Research shows that the light conditions under which cod fry are raised play a role in their growth, even as adults.
Light increases growth
Since 2009, Jorge Fernandes, an associate professor of biology at the University of Nordland, has been investigating the effects of light conditions and sexual maturation on muscle development in cod.
“Continuous light increases growth significantly in cod fry,” explains Fernandes. “In fact after just 12 hours we can actually observe the effects of light manipulation on both gene expression and levels of the sleep hormone melatonin.”
Professor Fernandes and his international research team are working to identify and understand the underlying mechanisms that trigger muscle growth in cod in a project that will conclude in 2012.
10 per cent more in half a year
For six months an experimental group of cod fry received 24-hour light. The control group was exposed to the natural daylight hours in Bodø in Northern Norway, where the experiment was carried out – meaning that the fish in this group also received continuous light during the period of midnight sun, but correspondingly little light in the winter.
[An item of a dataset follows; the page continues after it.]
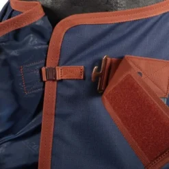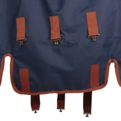 Deze lichtgewicht deken heeft een waterdichte en ademende 1200D ripstof buitenstof. De deken bevat een buikstuk met drie sluitingen en is aan de zijkanten lang om bescherming te bieden rond de benen en buik tegen regen en kou. De voorsluiting bestaat uit een T-haak met klittenband met magnetische gesp. De deken is gevoerd met een silk-feel stof. De deken bevat een staartflap, staartkoord en bevestigingspunten voor een halsstuk.
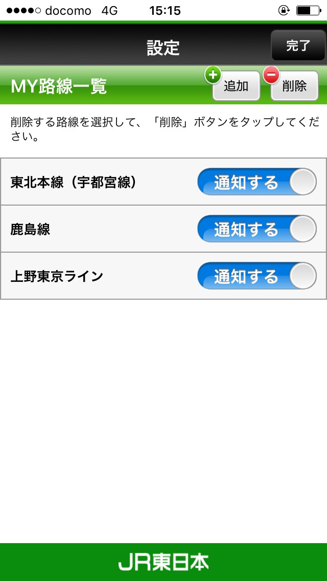 あらかじめMY路線に登録した電車に、運行情報が発生した場合、その時にこちらの「JR東日本 列車運行情報 プッシュ通知アプリ」を立ち上げていなくても、ご使用の端末に情報が届くというサービスがプッシュ通知になります。

On Day 1 of the experiment the cod fry weighed roughly 2 grams. A significant growth improvement in the fry exposed to continuous light was observed. Muscle tissue analysis revealed that more light led to thinner but more numerous muscle fibres compared to less light.
“The light-manipulated fish have the potential to grow larger than the untreated fish,” summarises Fernandes.
About the project
Project title: Impact of photoperiod and sexual maturation on growth performance of Atlantic cod – a genomic perspective
Project manager: Jorge Fernandes, University of Nordland
Project period: 1 January 2009–30 June 2012
Project budget: 1 million Euro
Partners: Institute of Marine Research, University of Tokyo (Japan), University of St. Andrews (Scotland), Hellenic Centre for Marine Research (Greece), Codfarmers ASA
Research Program: Aquaculture – An Industry in Growth
Related research has shown that the effects of continuous light on cod fry can still be observed three years after light treatment; they are larger than fish that did not receive as much light when young.
"No one knows with any certainty what causes the molecular mechanisms behind this phenomenon,” says Fernandes.
Increasing the number of muscle fibres in production cod is very valuable commercially.
Would like to delay puberty
The rapid growth rate of production cod entails earlier sexual maturation. In the wild, cod reach maturity at three to four years, but production cod mature at roughly two years, at a weight of just 1.5 kg. Sexually mature cod spend much energy developing eggs or milt instead of growing larger – presenting a serious problem for the cod industry.
“We wish to understand the negative impacts of sexual maturation on growth,” says Fernandes, “particularly on how muscle development changes during cod puberty.”
From a commercial standpoint, it is preferable to delay the onset of puberty. Once again, light can be used to manipulate this process. In order to understand precisely how light affects sexual maturation and growth in cod, Fernandes and his research colleagues are now studying the biological clock of cod.
“We are seeking to find out how cod growth genes and growth characteristics are influenced by sexual maturation and light changes. The objective is to identify the genes that yield the best growth in relation to light and sexual maturation.”